In 2008, in protest of the Iraq War, the ILWU encouraged longshore workers to “shut down all West Coast ports” by walking off the job on May 1, 2008 to “Make May Day a ‘No Peace, No Work’ holiday”. On that day, more than 10,000 ILWU workers from all 29 West Coast ports voluntarily stopped work, effectively shutting down all west coast ports for a day.
In 2007, we saw the German National Rail strike of 2007. While it was only for 3 days, starting on November 14 and ending on November 17, it was the largest strike in history against Deutsche Bahn, shutting down freight service as well as passenger trains. Even though management brought in managers and other employers to keep trains running, more than 40% of freight trains — needed to carry cargo to and from docks — were halted. The strike cost over € 50 Million a day.
Strikes aren’t a new occurrence. We can keep going, all the way back to (at least) the 1792 Philadelphia River Pilot’s strike. More importantly, since unions aren’t going anywhere (and are, in fact, gaining ground in the emerging and newly emergent economies), strikes aren’t going anywhere either.
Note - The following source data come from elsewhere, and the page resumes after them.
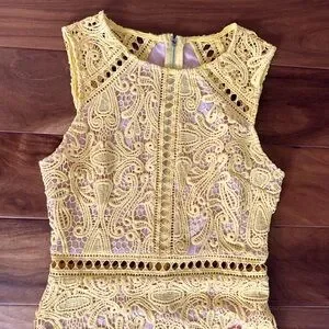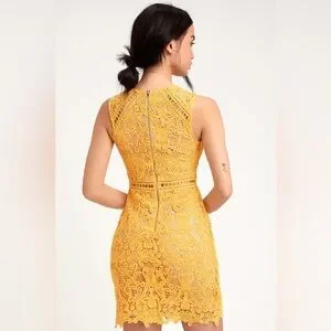 Lulu’s Dream Life Yellow Lace Bodycon Dress size XS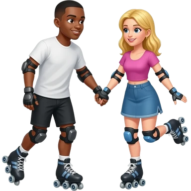 Black man with shaved in red t shirt hugging blonde woman in red t shirt emoji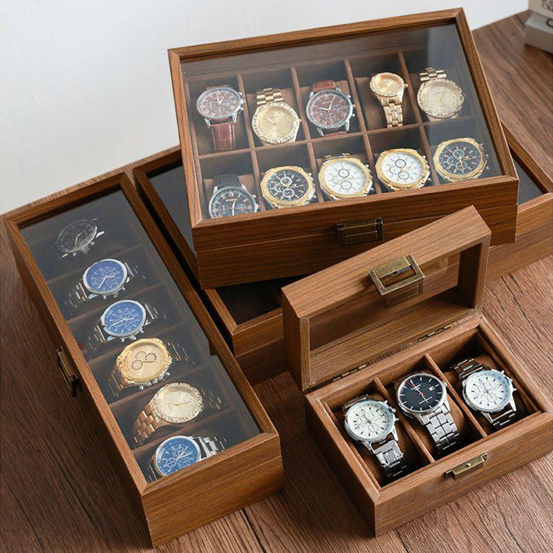 Manufacturer's Ready-Made Wholesale Multi-Position Window Glass Watch Box Packaging Box Walnut Wood Grain Watch Jewelry Display Box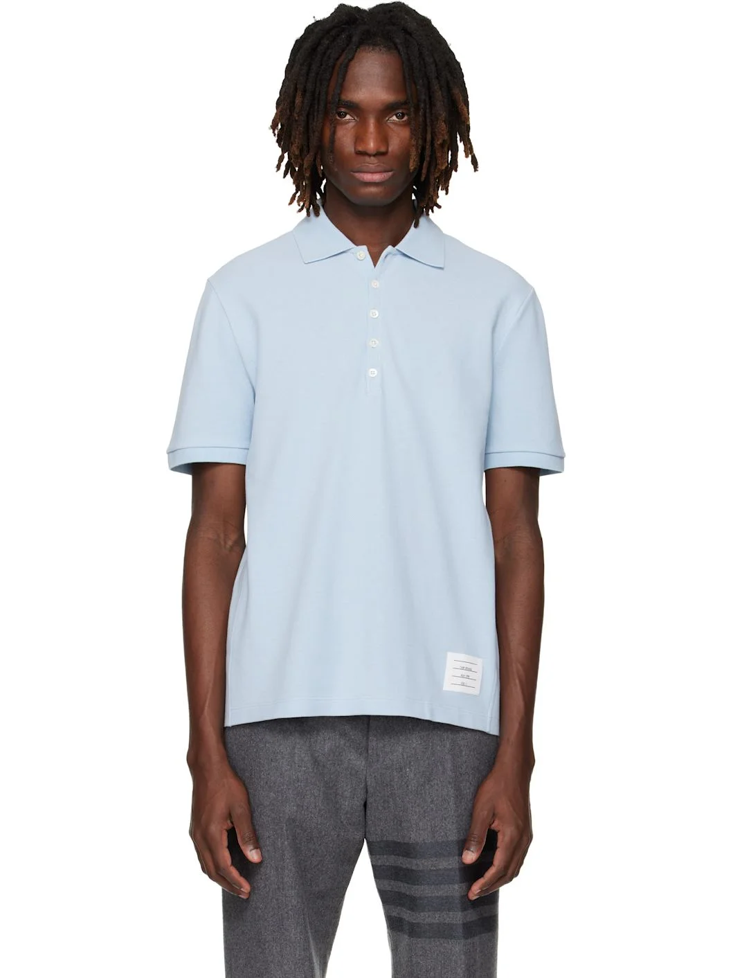 Cotton pique polo. · Rib-knit spread collar, side seams, and cuffs · Five-button placket · Logo patch at front hem · Stripes at side seam · Tricolor grosgrain flag at back collar Supplier color: Light blue Body: 100% cotton. Trim: 98% cotton, 2% elastane. Made in Italy 261381M212009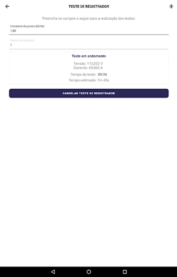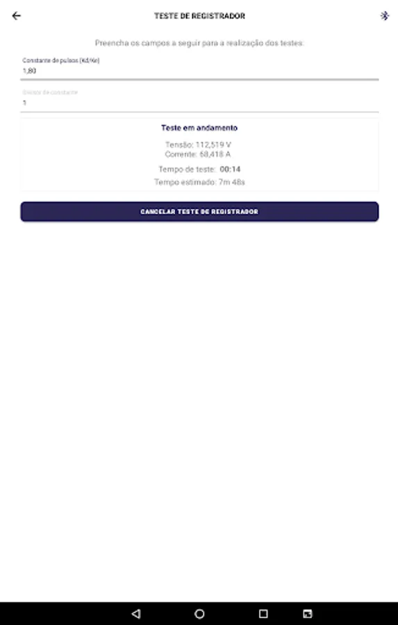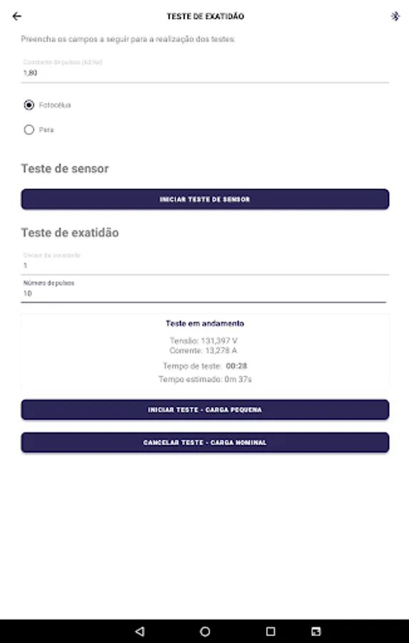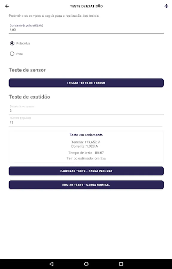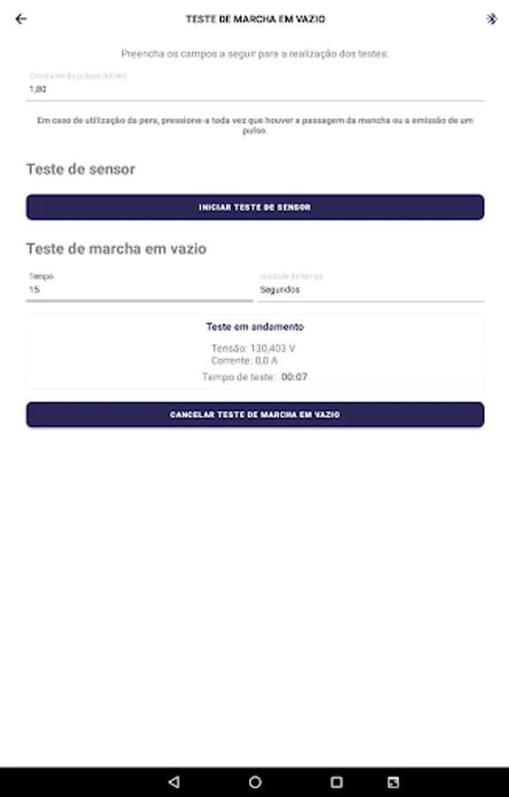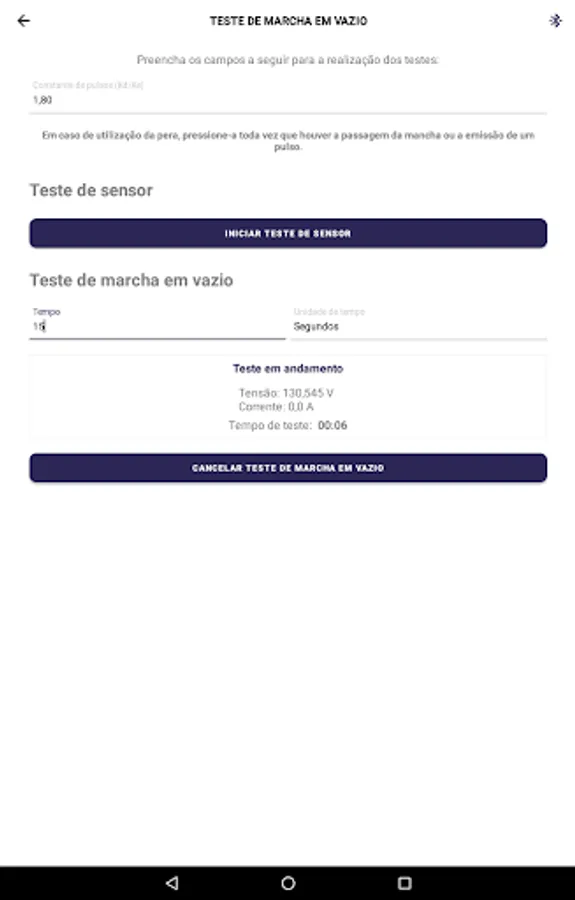 The interface of the equipment with the user is through this application, which communicates via Bluetooth with the "Single-phase Calibrator - IDF", performing the tests configured by the user.

And they will bring your global trade to a halt if you are not prepared for them.
How do you prepare for them? Keep an eye on all of the ports, rail, and trucking companies you use to move your goods and when their union contracts expire. When expiration draws near, monitor the situation. If it looks like talks will break down, make sure you have alternate options at the ready. Have plans that use other ports, and other trucking companies, even if those ports are further and those trucking companies cost more, if the goods are critical to your bottom line — and if they are strategic, and small enough, consider air freight from a secondary airport to a secondary airport. (Solutions like FreightOS can often help you identify nearby ports and airports and relative costs.) While the hope is that you will never need to use less efficient and less cost-effective options, if the alternative is risking your goods trapped in a port for months, a less profitable sale is still much better than no sale. (Remember, No Sale, No Store.)